Recently I was helping a relative do something on their Windows 11 machine and I asked them to press Windows key + R, type calc, press Enter. And I was astonished at the result. Literally: Mouth agape, frozen in astonishment for about 10 seconds.
I knew about the ads and tracking and the local account bullshit, but I didn't realize just how bad the Windows experience has become.
netsharc
a month ago
What does happen? I'm using Windows 10 Enterprise (is that GitHub repo to activate any license still around?) , with policy to disable Internet search from the start menu... so your story makes me wonder what the astonishment is.
rstuart4133
a month ago
I had a similar experience to the OP. After a new version of Windows I tried to run something, or maybe it was just pressing the Start button, and I waited, mouth open, wondering what in $DIETY's name was happening before it responded. The pause was completely alien to a Linux user, who is used to the Window manager unconditionally responding instantly. It would be alien to users of older versions of Windows too.

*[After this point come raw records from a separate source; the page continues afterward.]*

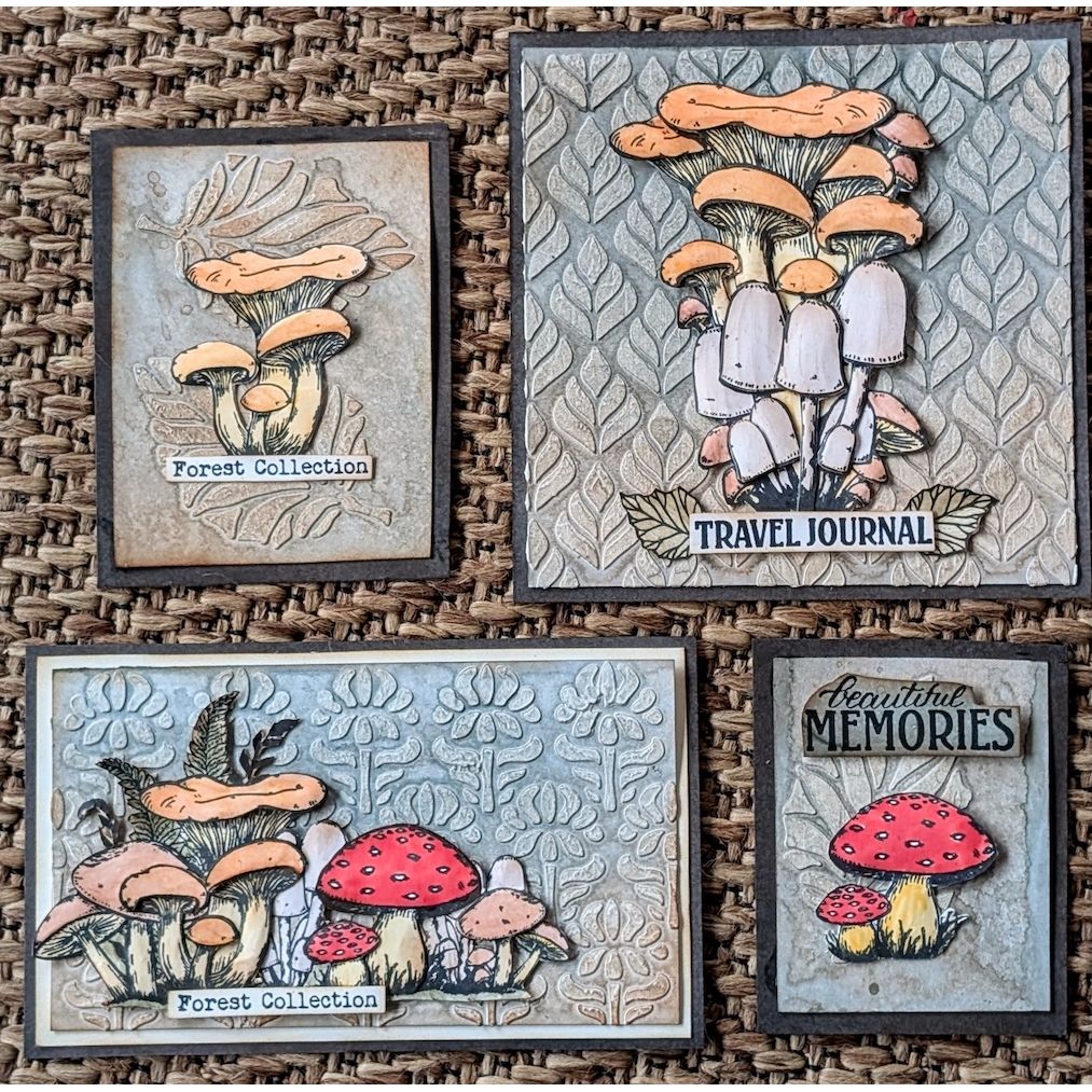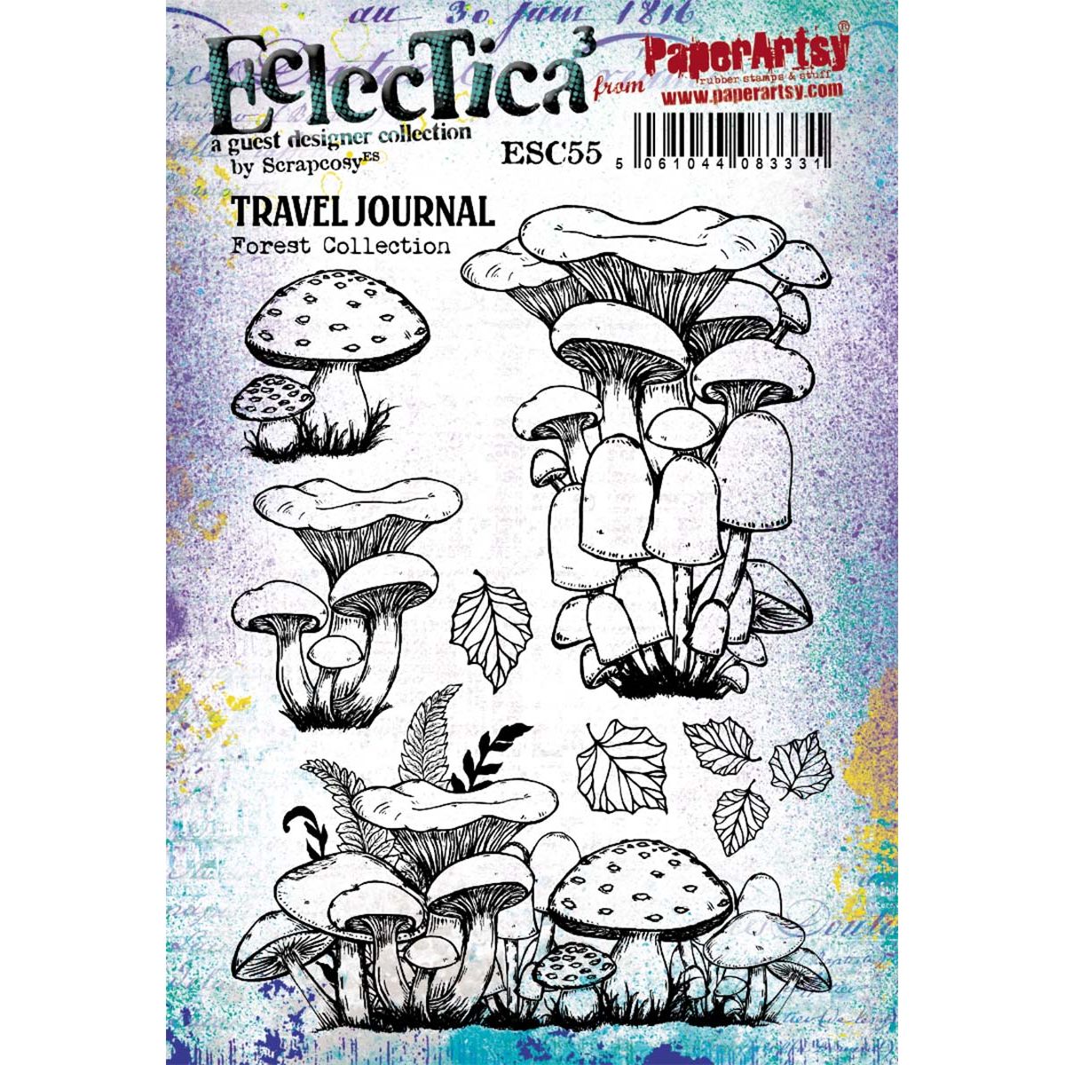 The Paper Artsy Eclectica³ Scrapcosy Cling Stamps present a charming collection designed by Raquel Burillo, also known as Scrapcosy. These versatile stamps are perfect for journaling, cardmaking, scrapbooking, and a wide range of mixed-media or altered art projects. The set includes 8 cling stamps arranged on a 6 x 8-inch sheet, featuring hand-drawn mushrooms, leaves, and other foliage, along with the sentiment “Travel Journal Forest Collection.”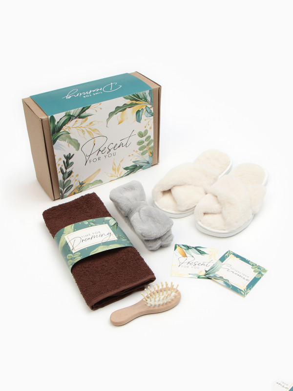 Подарочный набор "Present for you" — это стильное и практичное решение для создания атмосферы уюта и расслабления. Внутри — всё необходимое для комфортных домашних ритуалов: мягкое полотенце, уютные тапочки, плюшевая повязка и массажная щётка. Эстетичная упаковка с иллюстрацией делает его готовым подарком на любой случай.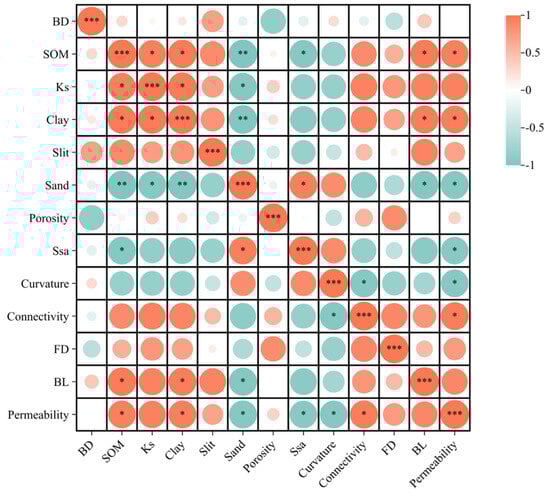 Correlation analysis of soil pore parameters. Note: ***, ** and * represent 1%, 5% and 10% significance levels, respectively.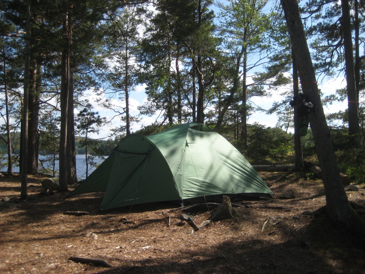Am Donnerstag wollen wir bis an die Stelle fahren, an der der Stora Le in den Foxen übergeht. Am Freitag soll es dann noch in den nördlichen Arm des Stora Le gehen und am Samstag dann zurück nach Lenartsfors. Also schön verteilt 20km, 20km und am Samstag noch die restlichen 12km. In der Karte sind in dem Bereich keine Häuser eingezeichnet und es gibt dort viele Inseln. Daher sollte es kein Problem sein dort einen Übernachtungsplatz zu finden. Was wir aber nicht wussten, war, dass auf der Schwedischen Karte für den Bereich in Norwegen weniger Daten vorhanden sind und auf der Karte daher die Wege und Häuser auf der norwegischen Seite fehlen. Wo wir schöne Übernachtungsplätze erwartet hatten, reiht sich also entlang des Ufers ein Haus an das andere. Und das über Kilometer. So kommen wir auf knapp 35km Wegstrecke, bis wir im nördlichen Arm des Stora Le in einem Abschnitt mit vielen schönen Inseln eine passende Stelle für die Nacht finden.

I decided in the end it was pulling down stuff from the web - in tiles it displayed beside the start menu. If you were on a fast network and had a good internet connection the problem mostly went away. The feature was inherited from WinPhone, I think. So it wasn't that the underling OS or video had got slower, it was them bolting on irrelevant crap to the menu. I later got smarter and deleted all the tiles, so only the menu was displayed. That improved things considerably. I remain gob smacked at them crippling their product like that.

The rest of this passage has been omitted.